Paradox #5. Though churches should be administrated in a business-like manner, they shouldn’t be run like a business.  Similar to corporations, churches are growth-oriented, but they must avoid adopting the corporate growth lifestyle of hard-nose competition, slick marketing, and an end-justifies-the-means mentality.  Local churches aren’t competitors--they all serve the same CEO.

Paradox #6. The same pastor or staff team that guides a smaller church through major growth might not be ideally suited to lead the larger congregation.  Just as a company’s founding entrepreneur may have to turn the reins over to professional managers when the business goes public, some successful pastors may eventually have to transplant themselves to a less complex church where their gifts and vision are appropriately fitted.  Staff members can’t be all things to all churches.
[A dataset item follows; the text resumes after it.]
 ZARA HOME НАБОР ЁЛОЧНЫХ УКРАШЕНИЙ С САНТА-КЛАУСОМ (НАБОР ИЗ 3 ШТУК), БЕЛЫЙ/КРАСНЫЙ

Paradox #7. Church growth is both a blessing and a curse.  The blessings of new members and expanding budgets are an obvious attraction to every congregation, but what about the inevitable strain on facilities and resources, and the crushing workload for staff and volunteers?  New members place new demands on ministries and additional responsibilities on burnout-prone leaders.  Growth always comes at a cost.  “For which one of you, when he wants to build a tower, does not first sit down and calculate the cost, to see if he has enough to complete it?”  (Luke 14:28)

Paradox #8. Ironically, churches are most vulnerable to conflict and contention precisely when they are grown fastest.  You’d think the growing congregation would bask in a fair weather climate of harmony and cooperation, but then reality sets in: overtaxed resources, indebtedness, ministry turf builders, and ambivalent congregation members worried about breaking up “that old gang of mine” in Sunday school.  The better things are going in a successful, dynamic church, the greater the expectations of its staff and members to the extent these expectations are realistic, tensions rise.  In mushrooming churches, Job-like patience is often in short supply.
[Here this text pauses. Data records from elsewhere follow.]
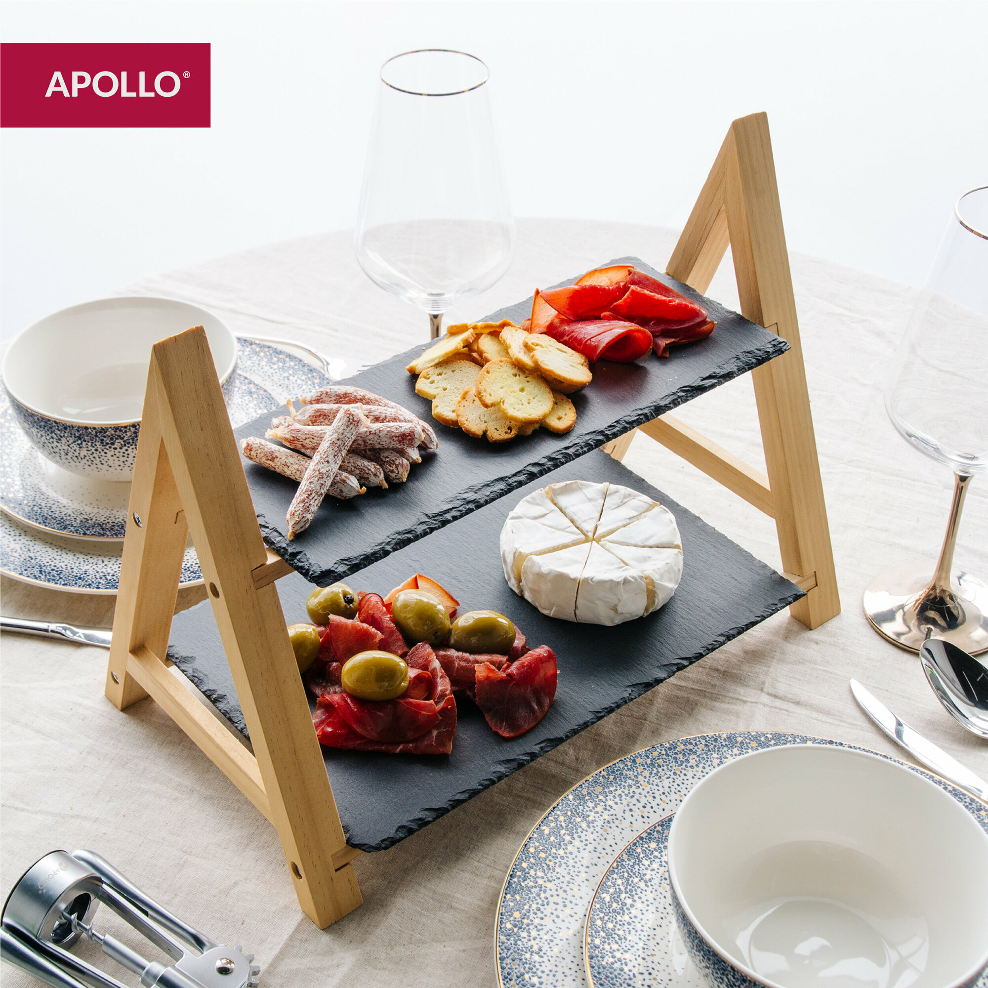 Сервировочная сланцевая доска, подставка двухъярусная из дерева APOLLO "Tapas" интересное:
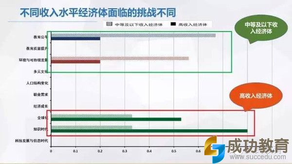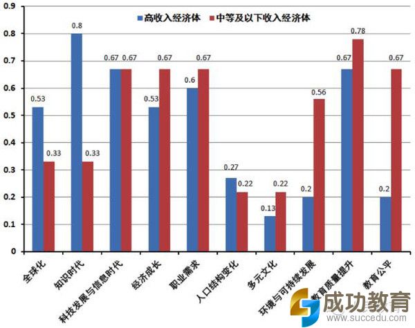 从不同收入水平经济体的比较看,无论收入水平高低,其教育都面临着科技发展与信息时代、经济成长、职业需求、质量提升的压力;比较而言,高收入经济体对“全球化”和“知识时代”可能带来的影响更为敏感;相反,中等及以下收入经济体对“教育公平”和“环境与可持续发展”的关注更加迫切。
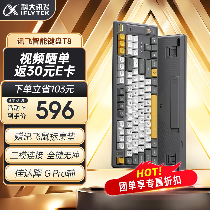 科大讯飞AI机械键盘T8 无线三模 双区87键全键无冲 全键PBT热升华 吃鸡LOL 70天超长续航 智能语音 红轴价格:699.00元!

Paradox #9. Church growth is not always real growth, nor is it always good for churches.  What passes for growth in some churches is actually nothing more than membership transfer.  One church’s --growth” is another congregation’s membership loss.  God’s kingdom hasn’t grown.  Genuine church growth entails more than a change of address.  There are many good reasons for membership transfer, but church growth isn’t be among them.
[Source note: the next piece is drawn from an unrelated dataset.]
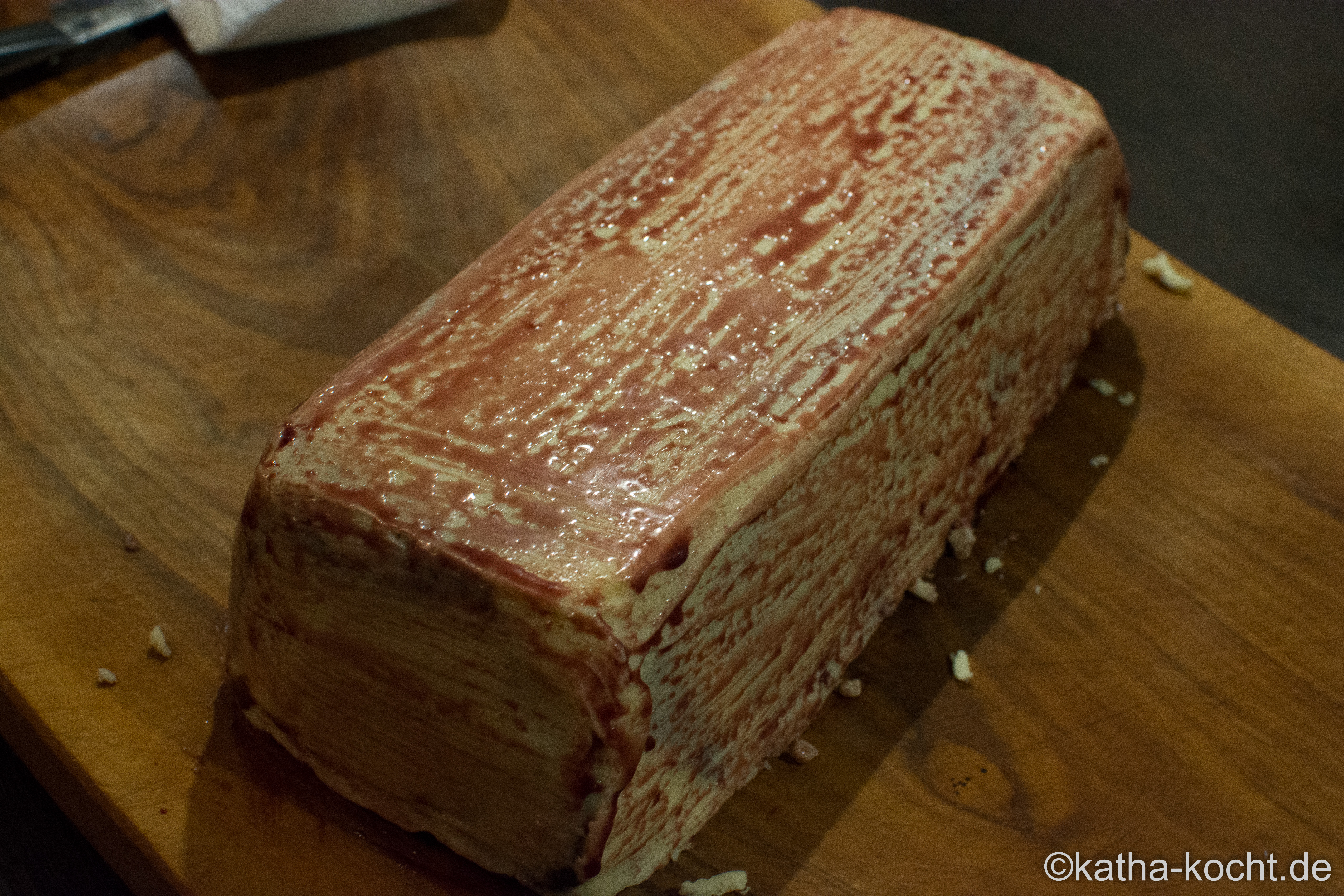 Den Kuchen nochmal für 1-2 Stunden (oder über Nacht) in den Kühlschrank stellen, dann kann er auch schon angeschnitten werden.

Paradox #10. Most growing churches don’t really know why they’re growing.  Is it due to their great facilities?  If so, why do many churches lacking fine facilities grow?  If growth is attributed to dynamic preaching, then why do so many churches with “average” pastors grow?

Despite our desire to turn church growth into a science, it defies formula it’s too complex, too subtle, too paradoxical.  And that’s exactly the way God wants it so we have to depend on Him for the welfare of our local church: to know the love of Christ which surpasses knowledge, that you may be filled up to all the fullness of God” (Ephesians 3:19).